A Platform for Screening Potential Anticholinesterase Fractions and Components Obtained from Anemarrhena asphodeloides Bge for Treating Alzheimer’s Disease

1School of Traditional Chinese Materia Medica, Shenyang Pharmaceutical University, Shenyang, Liaoning 110016, China
2School of Pharmacy, Shenyang Pharmaceutical University, Shenyang, Liaoning 110016, China
3Key Laboratory of Structure-Based, Drug Design & Discovery, Ministry of Education, Shenyang, Liaoning 110016, China

Received 4 November 2013; Revised 2 March 2014; Accepted 20 March 2014; Published 17 April 2014

Academic Editor: Chuthamanee Suthisisang

Copyright © 2014 Yu Sun et al. This is an open access article distributed under the Creative Commons Attribution License, which permits unrestricted use, distribution, and reproduction in any medium, provided the original work is properly cited.

Abstract

Alzheimer’s disease (AD) is a neurodegenerative disease characterized by progressive memory loss and cognitive impairment. Cholinesterase inhibitors are widely used for the symptomatic treatment of Alzheimer’s disease to enhance central cholinergic transmission. In this study, a bioactivity-oriented screening platform based on a modified Ellman’s method and HPLC-QTOF MS technique was developed to rapidly screen active agents of Anemarrhena asphodeloides Bge.

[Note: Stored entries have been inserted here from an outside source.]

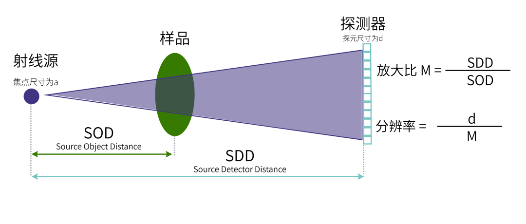 样品尺寸的不同也直接影响了成像分辨率,如下图所示,射线源到样品中心的距离为 SOD,射线源到探测器的距离为 SDD,则放大比 M=SOD/SDD;此外探元尺寸为 d,则分辨率=d/M;由此可知,样品尺寸影响 SOD,从影响分辨率,即样品尺寸越小,分辨率越高。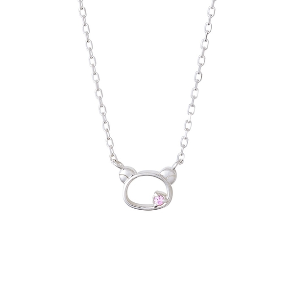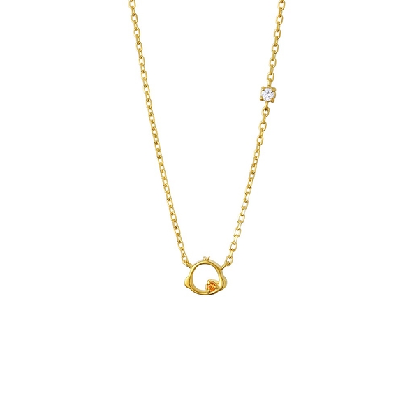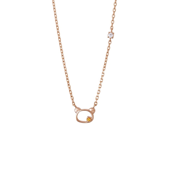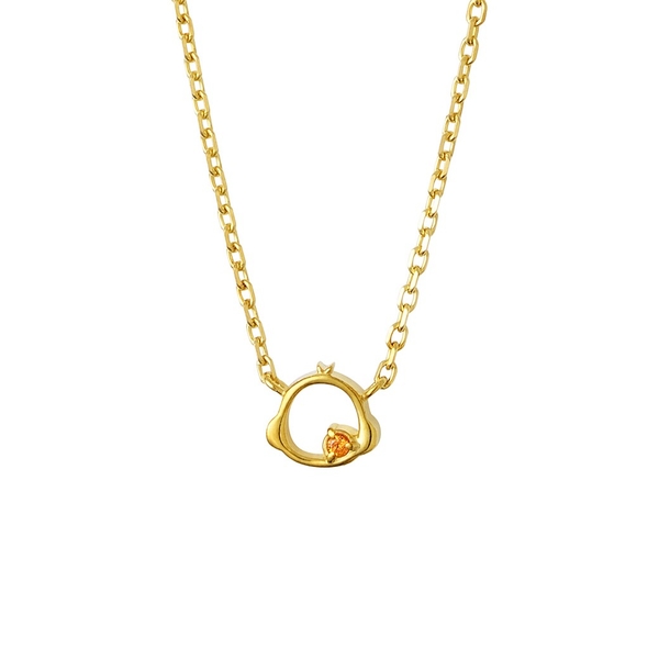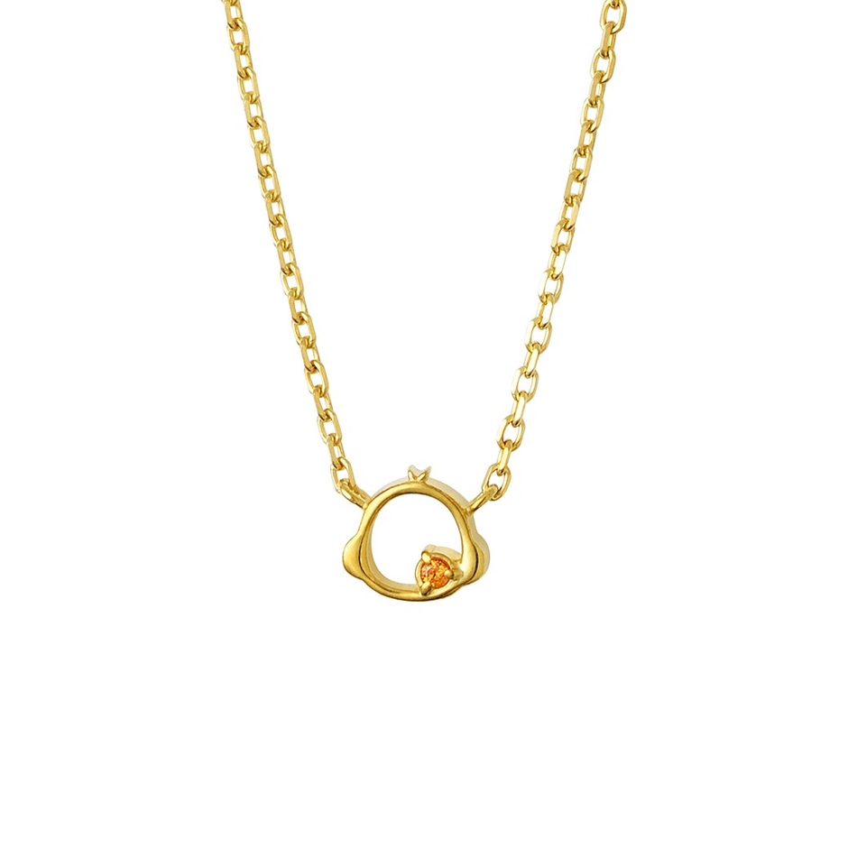 ころんとしたフェイスモチーフに、チェーンの途中にきらりと輝くストーンがアクセント。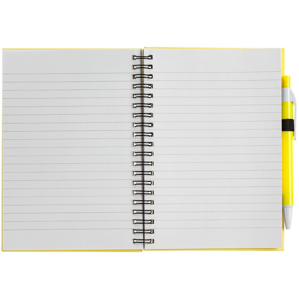 Блокнот с твердой обложкой, блок в линейку из вторично переработанной бумаги, 80 листов плотностью 70 г/м.В комплекте ручка с синими чернилами.Поставляется в полиэтиленовом пакете. Цвет: желтый. Размер изделия: ручка 1х13,5 см, блокнот 12,9х17,9 см. Материал: картон; пластик. Возможные виды нанесения: УФ-печать; Тиснение; Тампопечать; Шелкография (1 цвет);

The 60% ethanol fraction from an ethyl acetate extract exhibited the most potential anticholinesterase activity. Fifteen steroid saponins were identified by the mass spectrum, standards and literature reports. Twenty-five compounds were isolated from the active fraction. The results showed that compounds with the C6–C3–C6 skeleton probably had both AChE and BuChE inhibitory activities. Xanthone and benzene derivatives exhibited no or little activity. Lignans showed weak BuChE inhibitory activity. The steroidal saponins demonstrated moderate or weak AChE inhibitory activity.